YOUR TASK: Every line below needs to be printed again exactly, without any of its pictures.

SUPPLIED INFORMATION:
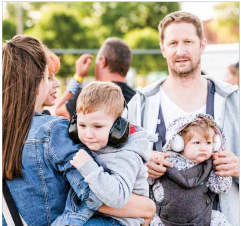
Igazi családi program is lehet – persze csak óvatosan

A FEZEN Fesztivál miatt július harmincadikán, vasárnap délig zárva lesz az Új Váralja sor az A3 jelű út és a Takarodó út közötti szakaszon. Az A3 jelű út egyirányú lesz az Új Váralja sor felől a déli összekötő út felé. Az Új Váralja soron az Arok utcától az A3 jelű útig, a Takarodó úton és az A3 jelű úton tilos a megállás mind az úton, mind a padkán, valamint 30 km/h-s sebességkorlátozást vezetnek be. A Waze-ben egyébként a fenti lezárások és a fesztivál parkolója, mint kiválasztható úticél is megtalálhatóak lesznek.
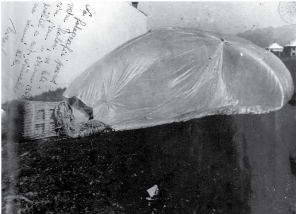
Fotografie Vajšova balonu, který neřízený přistál na Slovensku. A photograph of Vajša's balloon, which landed in Slovakia uncontrolled.
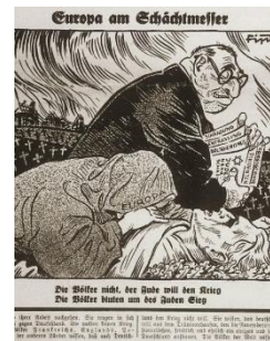
Фрагмент обложки немецкого еженедельника «Штурмовик», 1934 г. 11

RESPONSE AREA:
Igazi családi program is lehet – persze csak óvatosan

A FEZEN Fesztivál miatt július harmincadikán, vasárnap délig zárva lesz az Új Váralja sor az A3 jelű út és a Takarodó út közötti szakaszon. Az A3 jelű út egyirányú lesz az Új Váralja sor felől a déli összekötő út felé. Az Új Váralja soron az Arok utcától az A3 jelű útig, a Takarodó úton és az A3 jelű úton tilos a megállás mind az úton, mind a padkán, valamint 30 km/h-s sebességkorlátozást vezetnek be. A Waze-ben egyébként a fenti lezárások és a fesztivál parkolója, mint kiválasztható úticél is megtalálhatóak lesznek.
Fotografie Vajšova balonu, který neřízený přistál na Slovensku. A photograph of Vajša's balloon, which landed in Slovakia uncontrolled.
Фрагмент обложки немецкого еженедельника «Штурмовик», 1934 г. 11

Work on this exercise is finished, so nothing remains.